YOUR GOAL ::
Could you print exactly the lines of the listing below, starting at the line that has "(OTG) plug, 16GB" and ending at the line that has "チートで飾った小物がじゃまを", and only those lines?

DATA TO PROCESS ::
┄┄┄┄┄┄┄┄┄┄

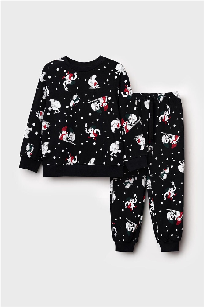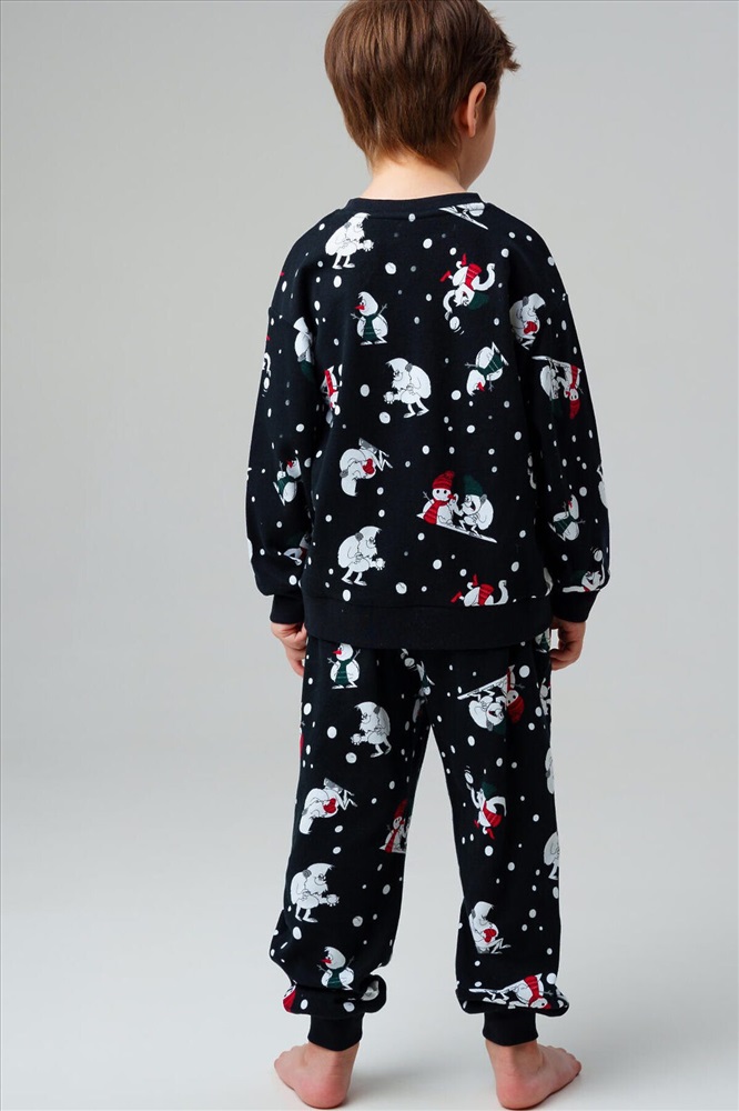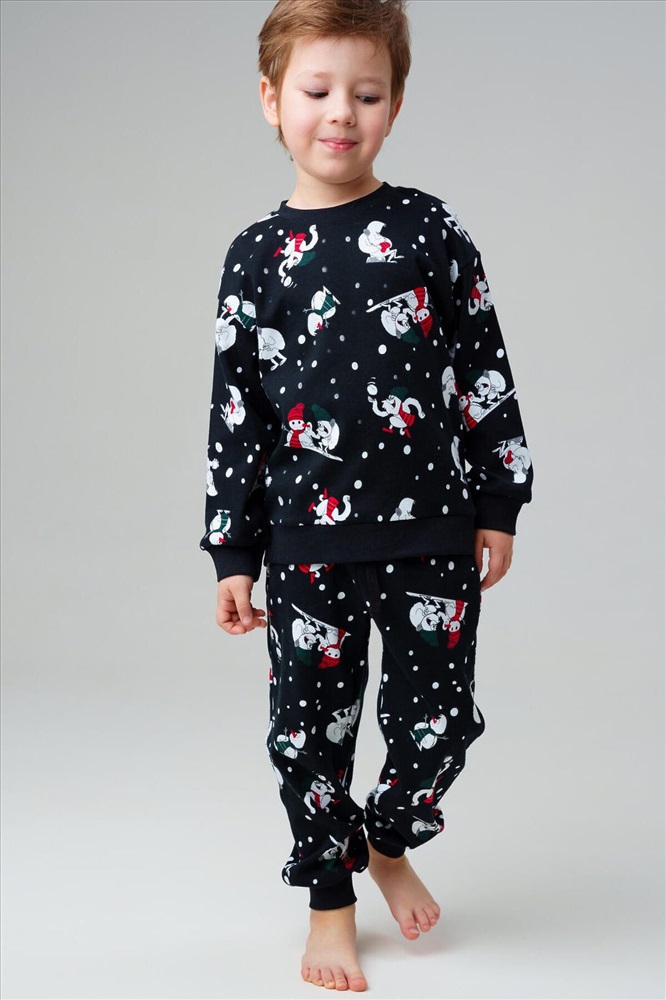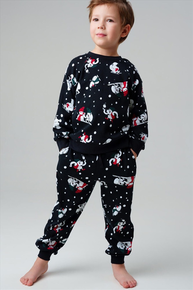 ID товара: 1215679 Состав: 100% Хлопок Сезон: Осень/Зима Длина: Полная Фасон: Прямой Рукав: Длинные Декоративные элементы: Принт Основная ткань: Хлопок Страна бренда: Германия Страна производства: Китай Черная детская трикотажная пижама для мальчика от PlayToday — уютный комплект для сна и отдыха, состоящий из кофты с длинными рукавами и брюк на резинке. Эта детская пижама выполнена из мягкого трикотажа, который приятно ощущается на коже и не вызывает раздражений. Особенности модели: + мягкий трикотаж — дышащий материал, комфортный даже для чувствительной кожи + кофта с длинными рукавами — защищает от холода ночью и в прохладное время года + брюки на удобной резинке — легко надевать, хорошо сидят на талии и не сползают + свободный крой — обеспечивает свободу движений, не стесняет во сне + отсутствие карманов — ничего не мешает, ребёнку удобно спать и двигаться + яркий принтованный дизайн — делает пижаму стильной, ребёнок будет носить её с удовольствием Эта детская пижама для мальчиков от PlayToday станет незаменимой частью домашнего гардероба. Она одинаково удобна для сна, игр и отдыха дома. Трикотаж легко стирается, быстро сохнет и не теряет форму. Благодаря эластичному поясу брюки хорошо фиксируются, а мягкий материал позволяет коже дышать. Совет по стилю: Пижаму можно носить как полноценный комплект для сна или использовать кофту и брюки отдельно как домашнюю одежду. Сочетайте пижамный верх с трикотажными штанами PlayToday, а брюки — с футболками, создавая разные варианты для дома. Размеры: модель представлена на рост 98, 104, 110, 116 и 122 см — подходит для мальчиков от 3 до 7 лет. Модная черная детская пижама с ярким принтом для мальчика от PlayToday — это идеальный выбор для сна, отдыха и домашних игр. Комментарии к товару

┄┄┄┄┄┄┄┄┄┄

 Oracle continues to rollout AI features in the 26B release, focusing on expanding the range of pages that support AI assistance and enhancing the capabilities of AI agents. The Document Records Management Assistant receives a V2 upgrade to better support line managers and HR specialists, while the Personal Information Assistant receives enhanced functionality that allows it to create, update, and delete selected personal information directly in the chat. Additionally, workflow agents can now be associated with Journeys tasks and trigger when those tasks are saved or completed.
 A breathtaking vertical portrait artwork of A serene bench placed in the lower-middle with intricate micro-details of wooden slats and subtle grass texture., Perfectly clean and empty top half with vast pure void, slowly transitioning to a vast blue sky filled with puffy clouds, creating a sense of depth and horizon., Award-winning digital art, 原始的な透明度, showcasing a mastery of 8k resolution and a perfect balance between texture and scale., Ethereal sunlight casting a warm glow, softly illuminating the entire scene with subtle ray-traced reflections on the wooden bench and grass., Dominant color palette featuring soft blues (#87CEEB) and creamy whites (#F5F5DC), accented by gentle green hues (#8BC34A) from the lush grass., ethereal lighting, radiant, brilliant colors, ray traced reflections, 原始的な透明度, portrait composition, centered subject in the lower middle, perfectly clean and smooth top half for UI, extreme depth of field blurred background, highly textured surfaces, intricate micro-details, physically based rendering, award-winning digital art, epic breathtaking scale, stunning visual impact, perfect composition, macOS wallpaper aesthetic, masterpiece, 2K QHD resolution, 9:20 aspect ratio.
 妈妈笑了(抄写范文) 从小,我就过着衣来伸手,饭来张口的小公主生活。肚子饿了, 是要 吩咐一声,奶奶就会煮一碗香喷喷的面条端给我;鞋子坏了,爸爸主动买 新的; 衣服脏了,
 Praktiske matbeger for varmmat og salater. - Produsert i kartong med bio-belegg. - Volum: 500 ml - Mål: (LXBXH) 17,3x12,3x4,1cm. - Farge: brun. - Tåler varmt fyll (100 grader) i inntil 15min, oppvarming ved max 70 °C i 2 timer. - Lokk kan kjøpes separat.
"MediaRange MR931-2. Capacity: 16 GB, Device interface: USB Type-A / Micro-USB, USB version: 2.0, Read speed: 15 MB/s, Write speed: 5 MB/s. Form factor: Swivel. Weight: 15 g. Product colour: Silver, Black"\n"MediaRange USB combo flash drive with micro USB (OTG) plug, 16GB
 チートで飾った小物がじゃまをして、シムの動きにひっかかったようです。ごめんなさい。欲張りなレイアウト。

┄┄┄┄┄┄┄┄┄┄

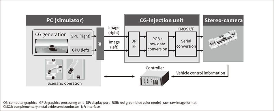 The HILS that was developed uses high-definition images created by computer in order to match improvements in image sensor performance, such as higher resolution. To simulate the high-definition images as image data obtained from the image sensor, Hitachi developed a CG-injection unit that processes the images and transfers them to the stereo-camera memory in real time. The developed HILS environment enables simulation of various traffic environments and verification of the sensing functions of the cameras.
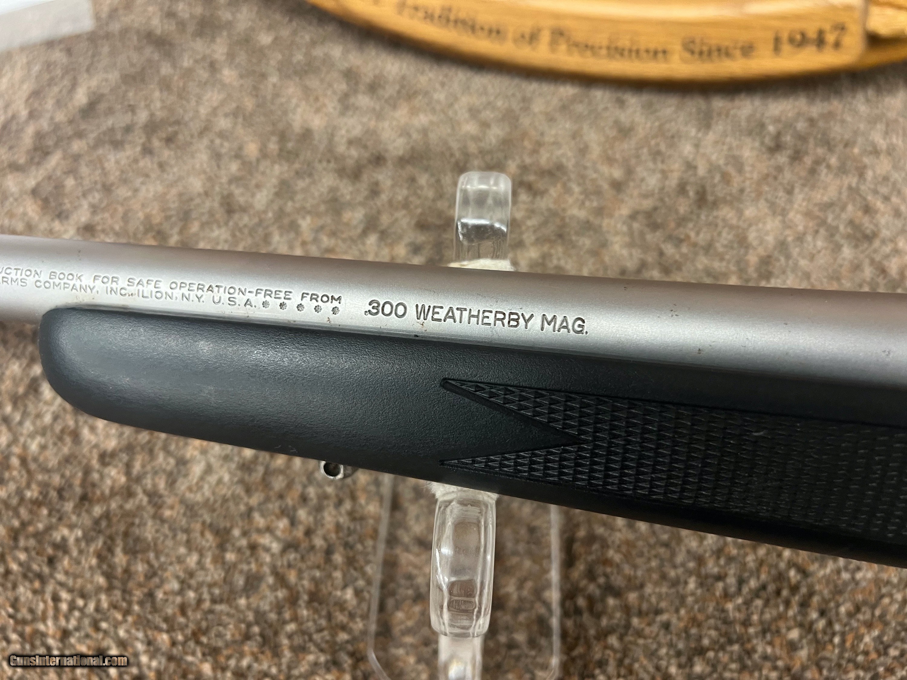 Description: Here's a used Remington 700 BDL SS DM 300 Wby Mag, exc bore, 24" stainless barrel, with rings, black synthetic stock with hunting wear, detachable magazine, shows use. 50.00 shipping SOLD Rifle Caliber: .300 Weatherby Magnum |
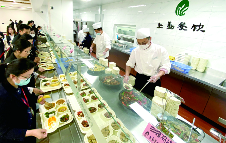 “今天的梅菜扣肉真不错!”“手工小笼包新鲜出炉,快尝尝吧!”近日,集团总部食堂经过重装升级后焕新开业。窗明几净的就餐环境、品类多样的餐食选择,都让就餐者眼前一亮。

┄┄┄┄┄┄┄┄┄┄

PROBLEM SOLUTION ::
"MediaRange MR931-2. Capacity: 16 GB, Device interface: USB Type-A / Micro-USB, USB version: 2.0, Read speed: 15 MB/s, Write speed: 5 MB/s. Form factor: Swivel. Weight: 15 g. Product colour: Silver, Black"\n"MediaRange USB combo flash drive with micro USB (OTG) plug, 16GB
 チートで飾った小物がじゃまをして、シムの動きにひっかかったようです。ごめんなさい。欲張りなレイアウト。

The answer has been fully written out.